= Geoff Jansz =

Australian chef

Geoff Jansz (born 1958 ) is a Sri Lankan-born Australian chef and television presenter.

==Career ==
After graduating from the University of Sydney with a Bachelor of Pharmacy in 1984, Geoff Jansz first worked as a pharmacist. He later opened a restaurant in Picton, New South Wales. His first television appearance was as a food presenter on EveryBody in 1992 with the Australian Broadcasting Corporation, an early programme in the lifestyle genre.

Jansz's first notable television role came later in 1992 as a presenter on the Nine Network's What's Cooking, which he hosted from 1993 until its conclusion in 1999. In 1995 he débuted on the Burke's Backyard, in which he made a guest appearance, then presented a regular weekly segment until its end in 2004. He also hosted the daytime cooking programme Fresh with the Australian Women's Weekly.

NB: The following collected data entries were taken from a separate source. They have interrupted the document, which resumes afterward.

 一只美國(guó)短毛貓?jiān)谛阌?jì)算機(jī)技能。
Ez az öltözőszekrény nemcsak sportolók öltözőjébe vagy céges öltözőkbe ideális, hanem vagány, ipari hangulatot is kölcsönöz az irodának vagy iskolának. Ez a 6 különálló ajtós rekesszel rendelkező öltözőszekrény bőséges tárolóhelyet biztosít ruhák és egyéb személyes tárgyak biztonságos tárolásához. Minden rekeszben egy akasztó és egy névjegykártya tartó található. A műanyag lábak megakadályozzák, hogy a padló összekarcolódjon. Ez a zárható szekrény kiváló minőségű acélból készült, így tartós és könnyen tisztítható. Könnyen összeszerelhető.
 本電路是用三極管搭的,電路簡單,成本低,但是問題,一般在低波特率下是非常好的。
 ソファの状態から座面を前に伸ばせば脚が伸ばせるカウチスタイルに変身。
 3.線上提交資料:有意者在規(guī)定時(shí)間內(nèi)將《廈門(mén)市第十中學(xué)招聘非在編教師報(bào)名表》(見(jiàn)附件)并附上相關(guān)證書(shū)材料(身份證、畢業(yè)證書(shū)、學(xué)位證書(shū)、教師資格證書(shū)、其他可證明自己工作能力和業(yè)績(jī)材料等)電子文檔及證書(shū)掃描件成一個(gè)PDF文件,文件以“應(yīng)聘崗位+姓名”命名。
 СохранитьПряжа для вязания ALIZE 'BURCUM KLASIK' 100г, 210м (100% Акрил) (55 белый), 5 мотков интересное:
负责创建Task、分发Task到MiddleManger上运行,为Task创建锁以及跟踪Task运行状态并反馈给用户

Jansz was a regular contributor to the Australian Gourmet Traveller between 1987 and 1992. He has written three books: Taking The Freshest Approach, Favourite Recipes and Geoff Jansz Desserts.

In 2007, Jansz was a Host Chef at the Great Barrier Feast Culinary Masterclass event on Hamilton Island which was hosted by Curtis Stone and featured other notable Australian chefs, Shannon Bennett, Justin North.